Я скорчиваю гримасу, и он смеется.
– Понятно. В любом случае мне потребовалось четыре попытки, прежде чем я смог хоть кого-то рассмешить, и, главное, не своей одеждой.
– Да, он долго прибегал к дешевым трюкам, носил гавайские рубашки кричащих цветов и забавные носки, – подтверждает Хамид.
Я удивлена, что Верну приходится так одеваться, чтобы привлечь к себе внимание. У него непринужденное, природное обаяние, которое, по идее, должно притягивать к нему людей, как колибри к нектару. И внешность у него вполне привлекательная.
Верн, дразнясь, показывает Хамиду язык.
– Да уж получше тебя, приятель. Ты даже шутку сочинить не можешь, – добродушно отвечает он.
– Вот только не надо. Самое слабое звено у нас – Кумар: он вообще выступать на сцене не умеет, – говорит Хамид между глотками своего напитка.
Кумар пожимает плечами.
– Ну и что. Я знаю, что не лучший комик, но все равно прихожу и выступаю, потому что мне это нравится, – застенчиво объясняет он мне.
Я киваю.
– Понимаю. Я чувствую то же самое, когда бегаю… бегала, – морщусь я.
Это правда: радость, которую я получаю от бега, совершенно не похожа на кайф, который я получаю от победы в забеге.

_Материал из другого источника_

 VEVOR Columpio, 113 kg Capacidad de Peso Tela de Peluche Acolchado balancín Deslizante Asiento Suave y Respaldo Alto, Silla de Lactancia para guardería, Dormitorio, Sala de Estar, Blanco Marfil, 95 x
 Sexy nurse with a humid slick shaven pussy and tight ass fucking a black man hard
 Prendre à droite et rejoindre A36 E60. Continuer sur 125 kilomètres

Когда я бегу, мне кажется, что ничто не может меня коснуться. Задеть. Или ранить. И потом, конечно же, я… была очень хорошей бегуньей. Это факт. Благодаря моим достижениям все в «Мире» знают, кто я такая, и не буду врать: это опьяняет, когда тобой восхищаются за твои таланты. Сегодня вечером я испытала нечто подобное во время выступления. Тот самый разряд электричества. Как будто я что-то значу.
Верн щелкает пальцем.
– Вспомнил, откуда я тебя знаю, – внезапно говорит он. – Ты же та самая девочка-супербегунья. Я учился на пару лет старше тебя в СМК Таман Сентоза[19].

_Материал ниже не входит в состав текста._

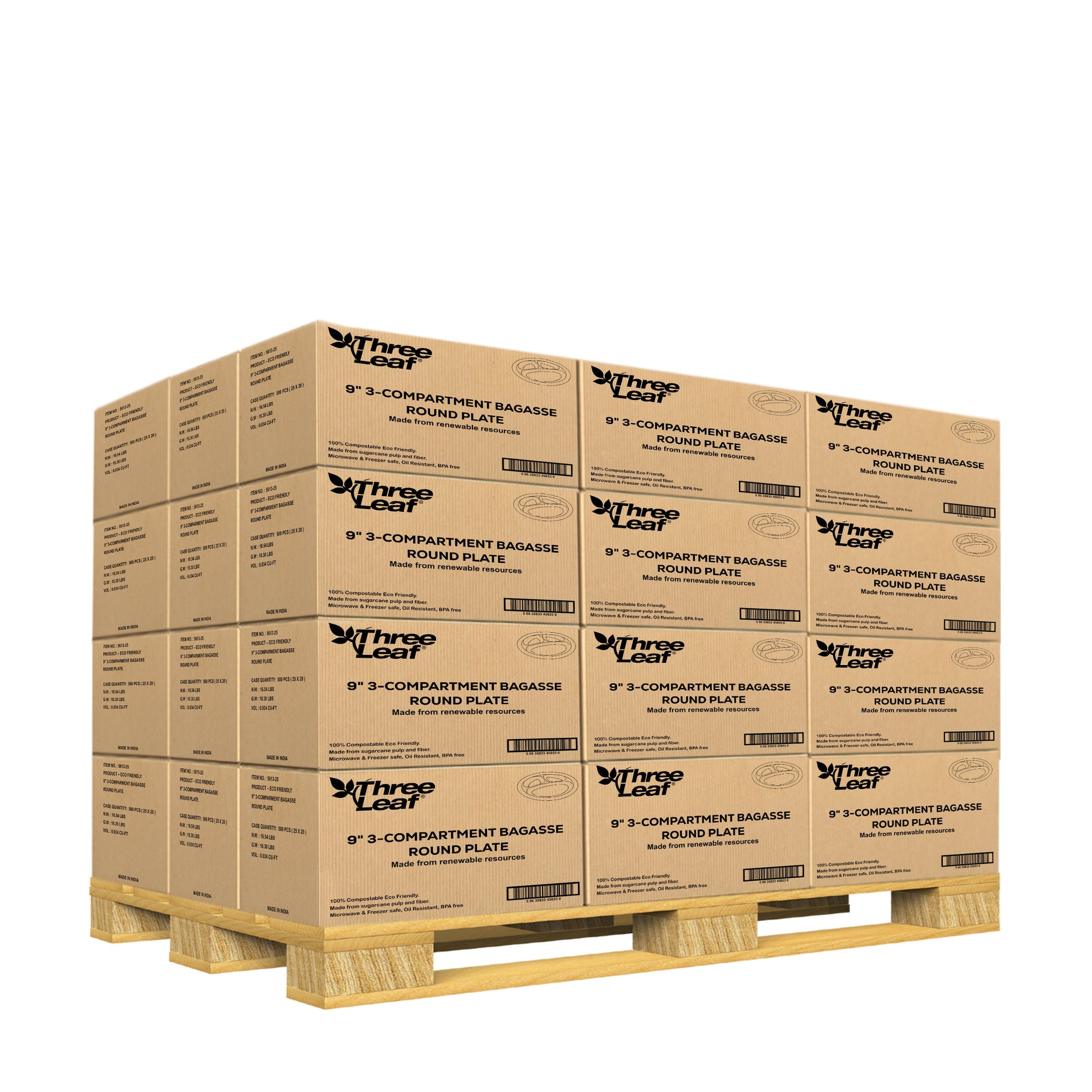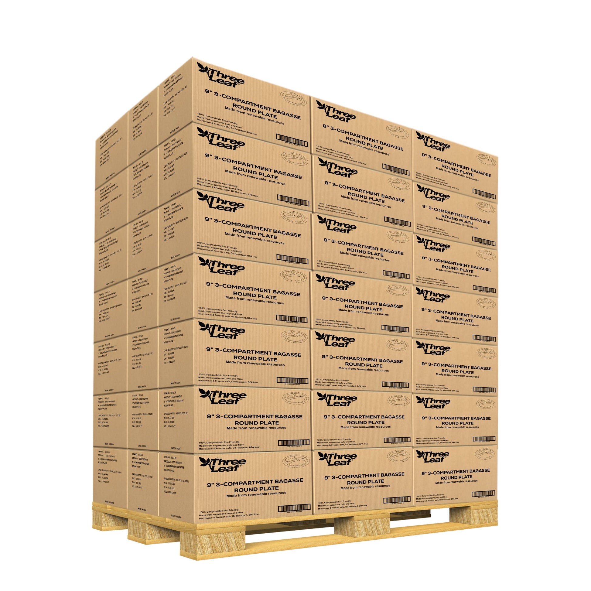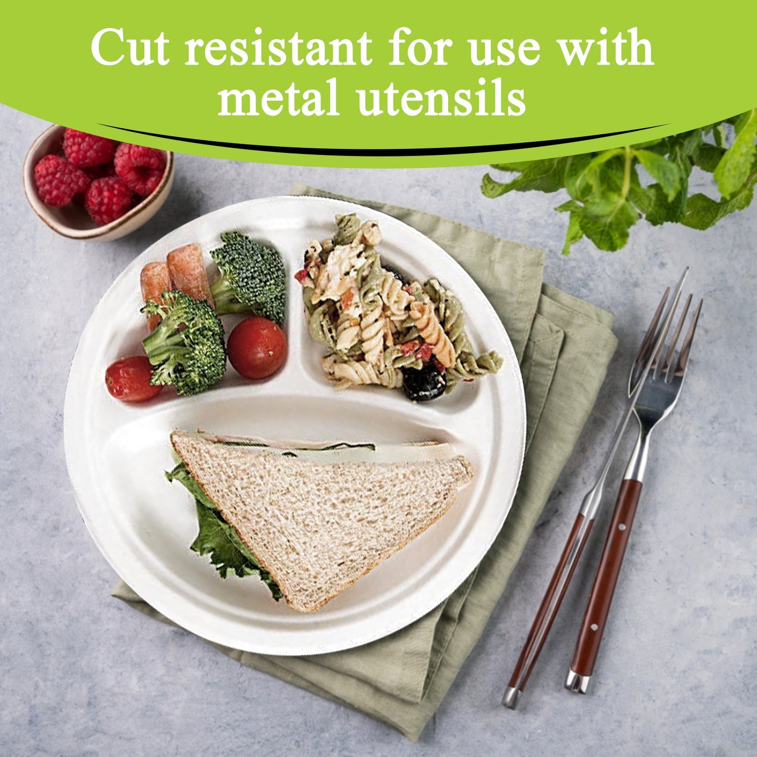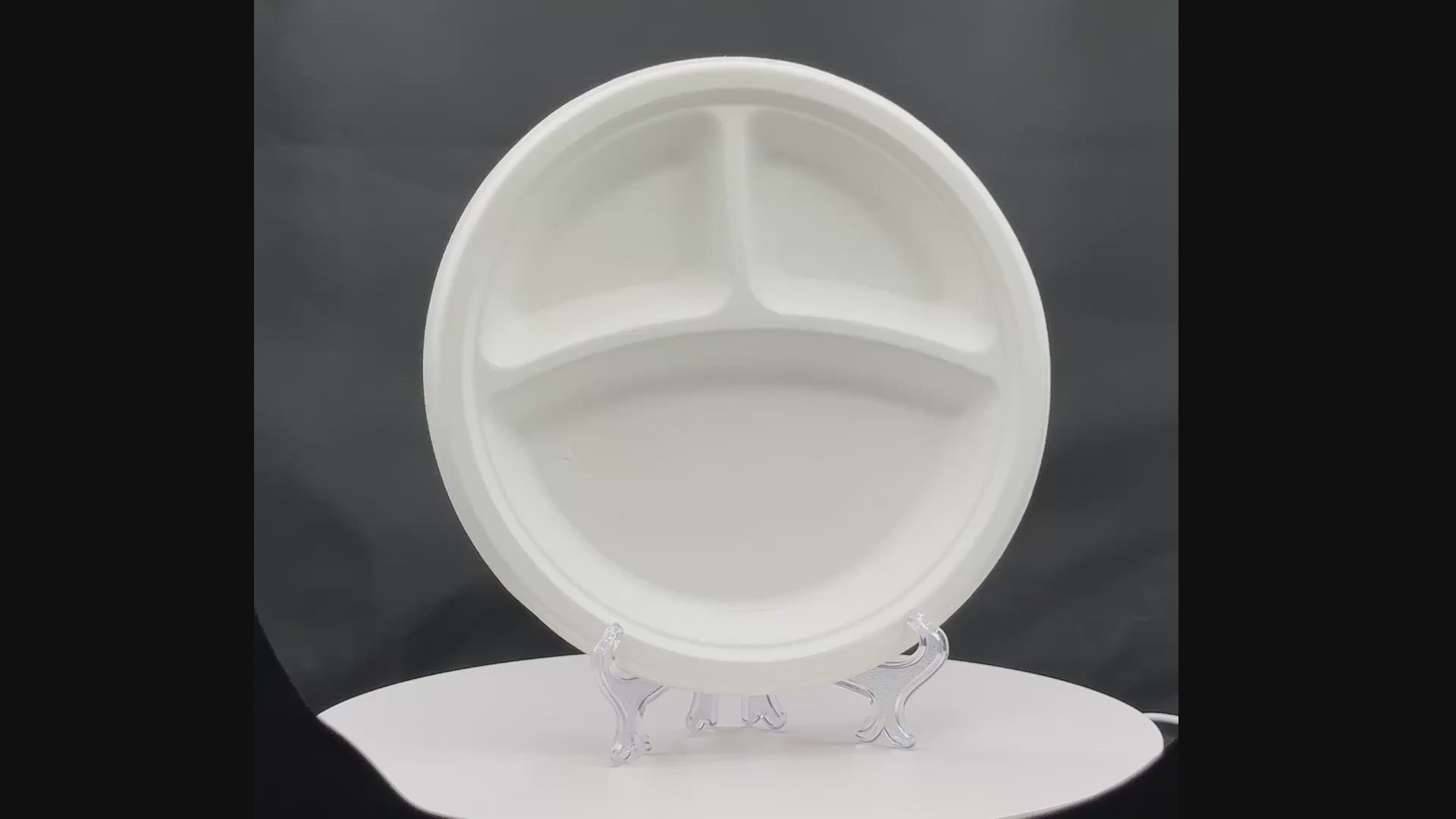 Three Leaf 9" 3 Compartment Bagasse Round Plate

Это моя бывшая школа, где я училась до перевода в «Мир».
Я перевариваю услышанное, в голове всплывают воспоминания, и все встает на свои места. Верн сидит за выбеленными солнцем деревянными столиками у футбольного поля в окружении своих лениво-самоуверенных приятелей и прогуливает занятия. Тот самый парень, который одним взглядом мог заставить тебя почувствовать, свой ты или чужой. Я помню, как болтала с ним наедине в один далеко не прекрасный и долгий-долгий день за неделю до того, как покинула бывшую школу. Тогда моя мама, после нескольких месяцев успешной реабилитации, погрузилась в темноту, а я пряталась от Стэнли, который приехал забрать меня из школы.
– О, э-э-э, привет, что ли? – произношу я так, словно не уверена, что мы встречались раньше. – Я там больше не учусь. Уже года четыре, наверное.
– Я так и подумал, – говорит Верн, и кривая улыбка искажает его лицо. – Во время утренних собраний нам без конца транслировали эти надоедливые объявления о твоих победах. А потом перестали.
– Прости уж. – Я пожимаю плечами. – Это наверняка раздражало.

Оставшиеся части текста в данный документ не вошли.